Give again, exactly as written, the lines of the records below from the line with "The power steering switch" to the line with "still considered successful.". Both end lines count; pictures do not.
*** Exercise material ***
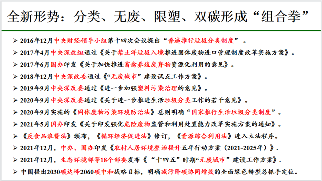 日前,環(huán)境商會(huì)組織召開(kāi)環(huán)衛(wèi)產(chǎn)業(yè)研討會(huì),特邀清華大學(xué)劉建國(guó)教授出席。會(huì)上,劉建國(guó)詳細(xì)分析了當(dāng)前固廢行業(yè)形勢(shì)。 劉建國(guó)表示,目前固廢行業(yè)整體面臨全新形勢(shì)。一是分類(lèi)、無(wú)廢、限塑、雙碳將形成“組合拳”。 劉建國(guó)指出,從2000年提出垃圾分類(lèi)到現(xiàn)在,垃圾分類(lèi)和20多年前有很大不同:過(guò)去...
*** End of Exercise material ***
*** Exercise material ***
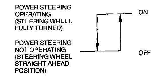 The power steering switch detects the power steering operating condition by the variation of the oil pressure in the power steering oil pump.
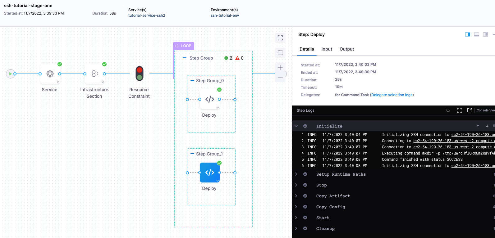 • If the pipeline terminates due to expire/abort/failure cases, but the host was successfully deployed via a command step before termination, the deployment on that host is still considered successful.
*** End of Exercise material ***
• _Response area_
 The power steering switch detects the power steering operating condition by the variation of the oil pressure in the power steering oil pump.
 • If the pipeline terminates due to expire/abort/failure cases, but the host was successfully deployed via a command step before termination, the deployment on that host is still considered successful.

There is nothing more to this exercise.